#### [Action item]
The task calls for the lines below from the line with "O mesmo levantamento" to the line with "天皇陛下の御即位を記念した記", both ends included, copied exactly, without any pictures.

#### [Exercise materials]
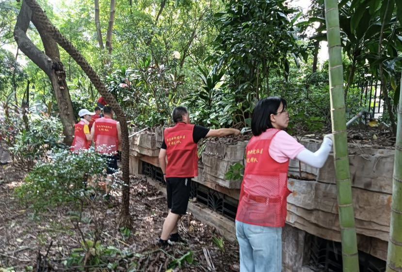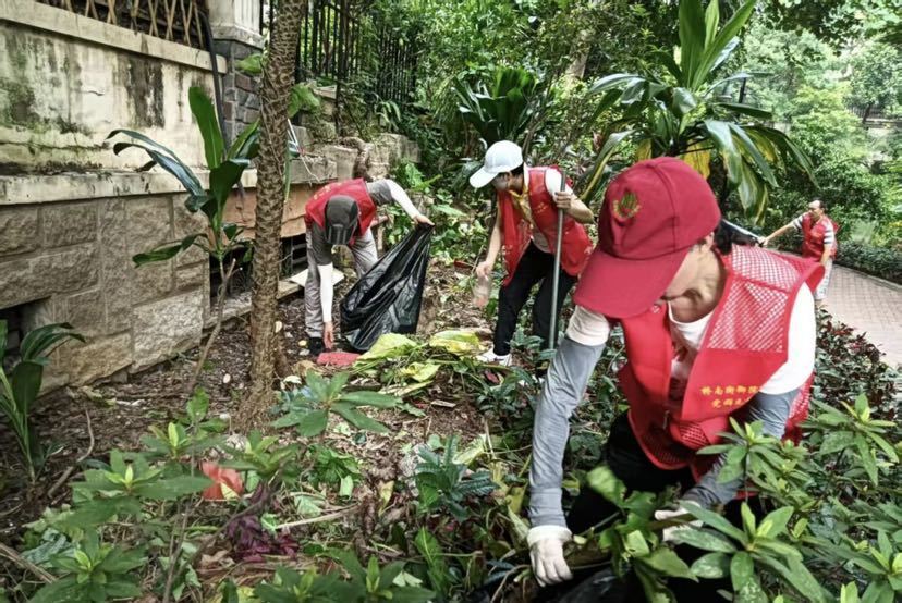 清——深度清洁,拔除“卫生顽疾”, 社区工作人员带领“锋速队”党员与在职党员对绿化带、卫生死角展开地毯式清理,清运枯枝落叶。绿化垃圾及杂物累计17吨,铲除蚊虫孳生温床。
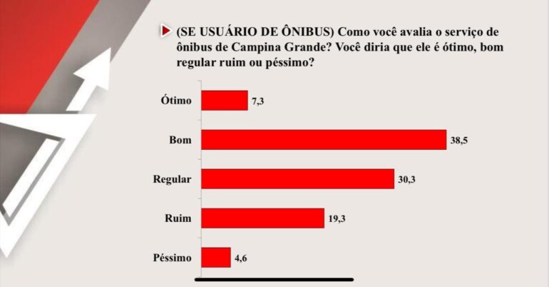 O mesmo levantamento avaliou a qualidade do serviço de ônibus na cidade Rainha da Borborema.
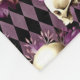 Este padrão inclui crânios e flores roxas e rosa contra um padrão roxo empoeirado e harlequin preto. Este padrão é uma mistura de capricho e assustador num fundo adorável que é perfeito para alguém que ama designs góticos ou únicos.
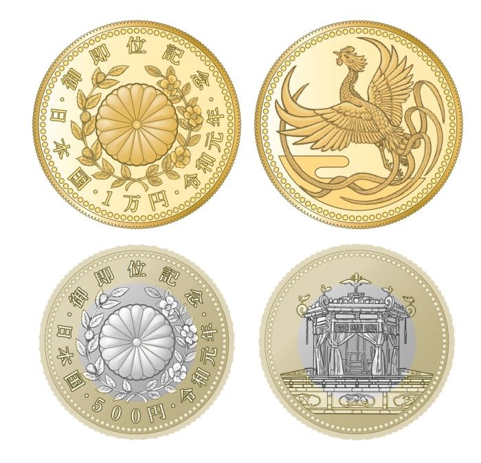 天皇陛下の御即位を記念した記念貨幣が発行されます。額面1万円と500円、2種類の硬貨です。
* * *
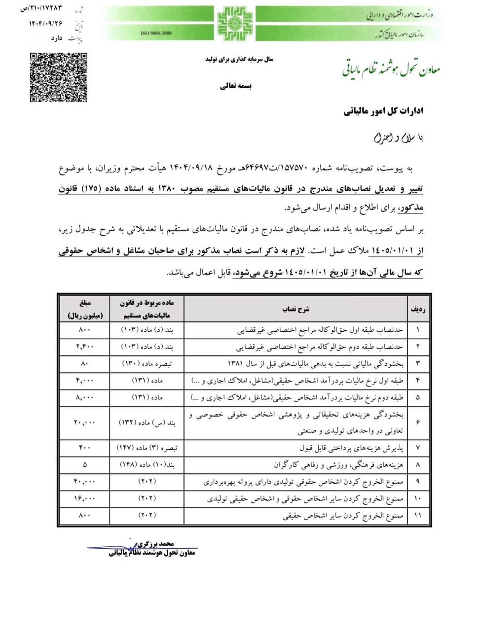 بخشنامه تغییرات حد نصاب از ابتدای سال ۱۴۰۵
--
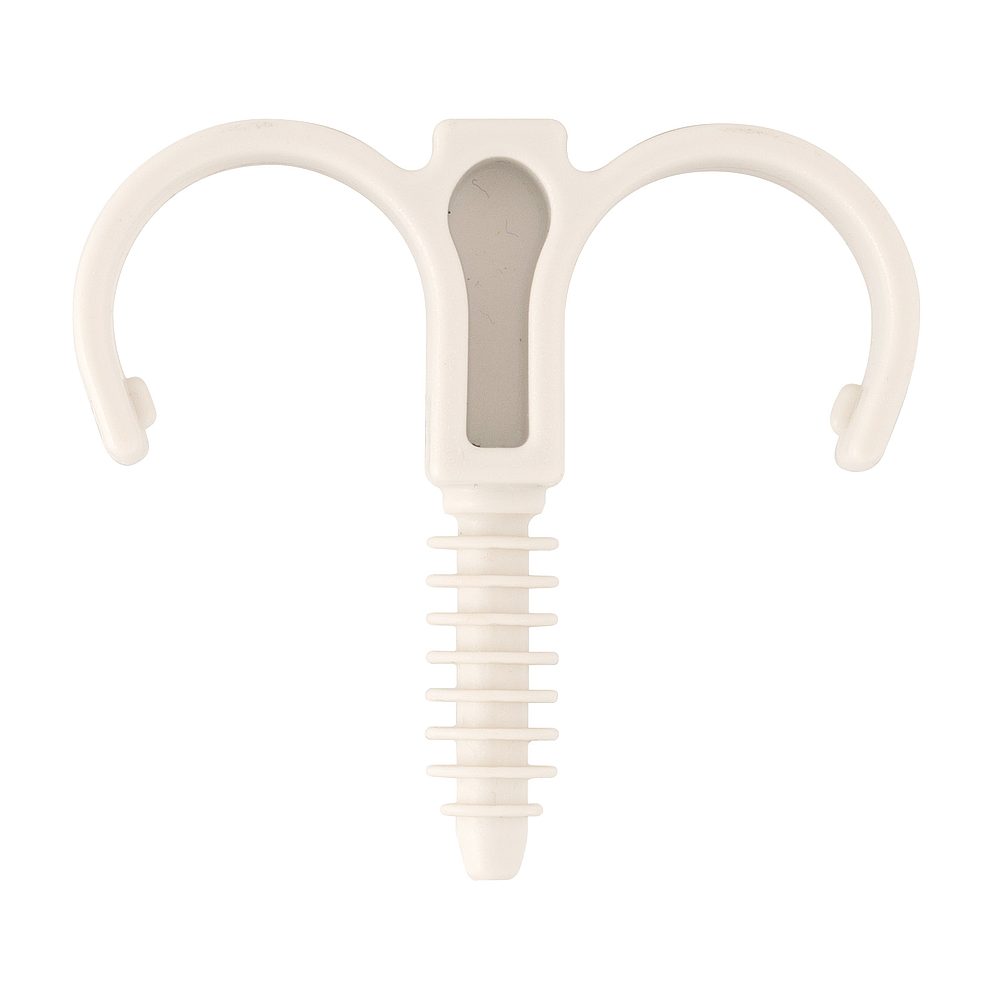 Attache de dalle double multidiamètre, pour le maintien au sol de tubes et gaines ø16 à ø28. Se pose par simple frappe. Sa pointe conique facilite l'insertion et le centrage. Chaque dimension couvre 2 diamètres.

#### [Solved problem]
 O mesmo levantamento avaliou a qualidade do serviço de ônibus na cidade Rainha da Borborema.
 Este padrão inclui crânios e flores roxas e rosa contra um padrão roxo empoeirado e harlequin preto. Este padrão é uma mistura de capricho e assustador num fundo adorável que é perfeito para alguém que ama designs góticos ou únicos.
 天皇陛下の御即位を記念した記念貨幣が発行されます。額面1万円と500円、2種類の硬貨です。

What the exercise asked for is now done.